It’s come to my attention over and over and over again since the death of my mom in 2021, that people really just have no time or patience for grief…until it is their own.
More so, they have no intimate understanding of it and it’s exhausting to have to explain grief, its physical and emotional makeup, the ups and downs of a normal Tuesday…the random pangs of hopelessness that strike out of a blue clear sky. The truth is…I didn’t understand it until it became an uninvited guest to my own party. The painful (and maybe beautiful) truth is that death and grief are two things impossible to grasp with human understanding until we are living it.
In the immediate aftermath of Mom dropping dead, rather suddenly at that, some friends ran for the hills while others fumbled around with trying to find appropriate words of condolence or strength. I got a lot of thoughts and prayers and pretty flowers delivered to my house. I lost some friends completely, cutting them off after feeling abandoned in the middle of the worst time of my life. Some admitted they had no idea what to say while others swore they could empathize because their grandma or ex-lover or childhood neighbor had died at some point in the past and it is obviously all the same. I had lost my mama, the only one whose hugs felt like home. It didn’t feel like it was the same. Most meant well but most fell short of offering what I really needed.
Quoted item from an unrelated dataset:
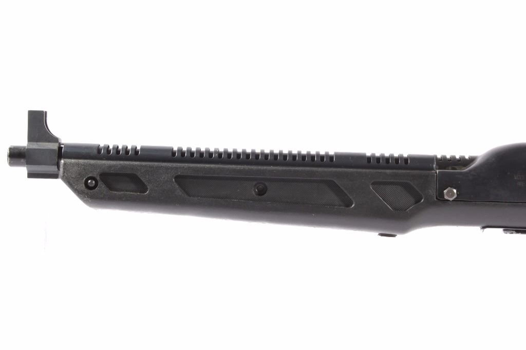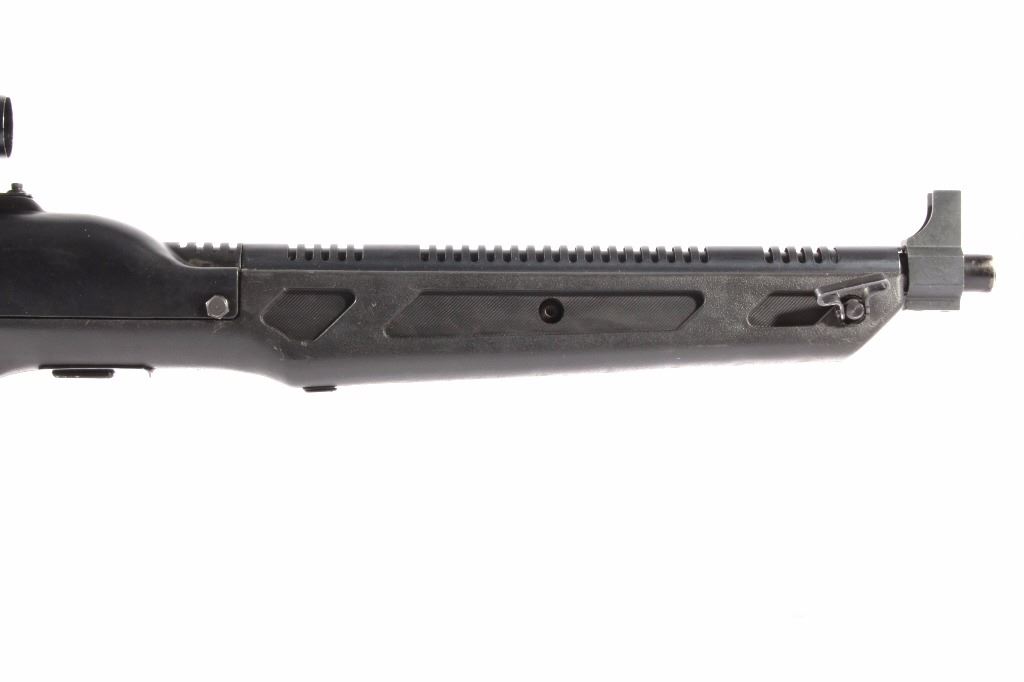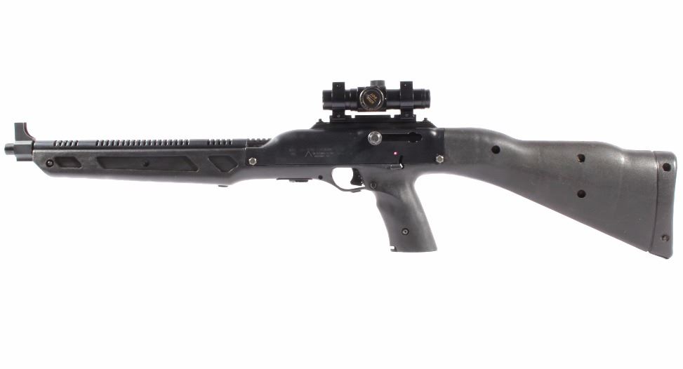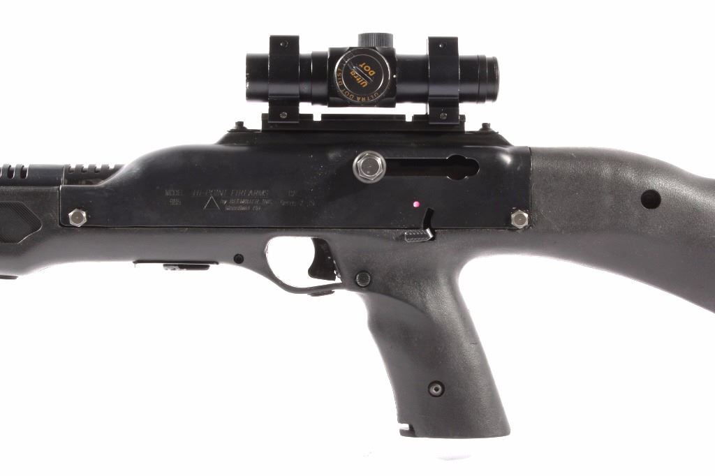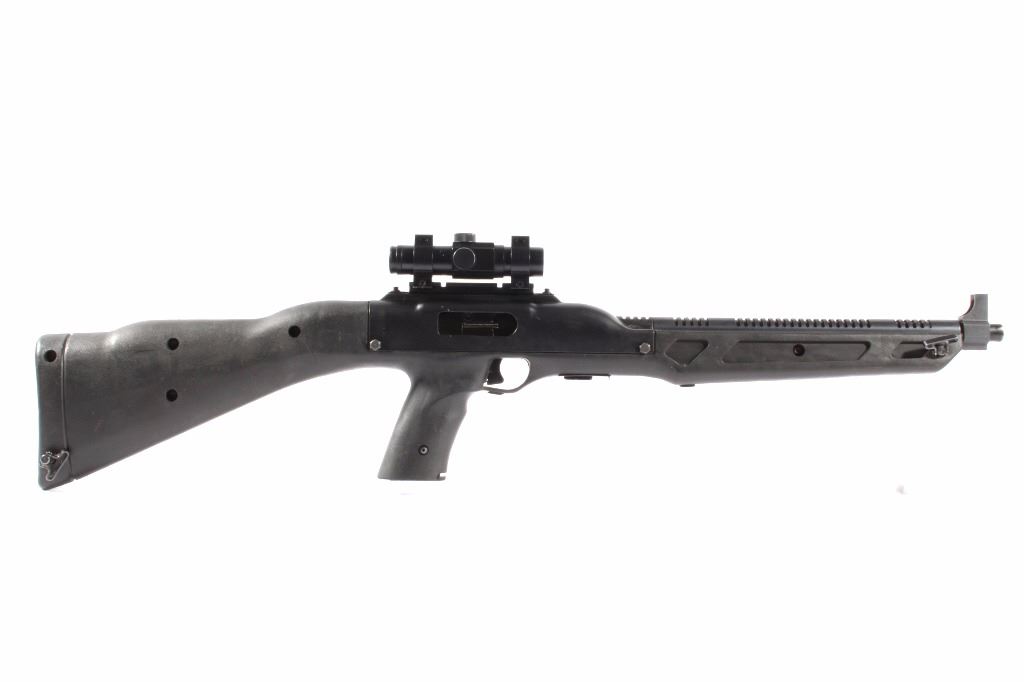 This lot features a Hi-Point Model 995 9mm Carbine with a red dot scope. The carbine features a 16 5/8" barrel, 10 round magazine, red dot scope, and polymer stock. The Hi-Point carbine was developed for the civilian market and not specifically aimed at police department use. Nevertheless, it has been approved and purchased by a small number of local police departments that cannot easily afford to outfit all of their officers with more expensive long guns. The carbine is in good condition, with few signs of wear. This is a modern rifle and requires a FFL transfer or NICS background check. The serial number is A17711. The overall length is 31 1/4"

I had a relatively new friend at the time, Andi Marie, who for some reason my intuition (maybe Mom) was urging me to reach out to. We hadn’t spent much time together beyond a couple of coffee date chats and a podcast interview about sobriety. She had no idea that I’d spent the last two weeks saying goodbye to and burying my fifty-nine year old mother in my hometown over in East Tennessee. I decided to reach out and told her I needed a friend, “Can I stop by your house?” Bless her heart.
I showed up, disheveled and desperate, and as she was making me a coffee she asked, sincerely, “What’s goin on, sis?”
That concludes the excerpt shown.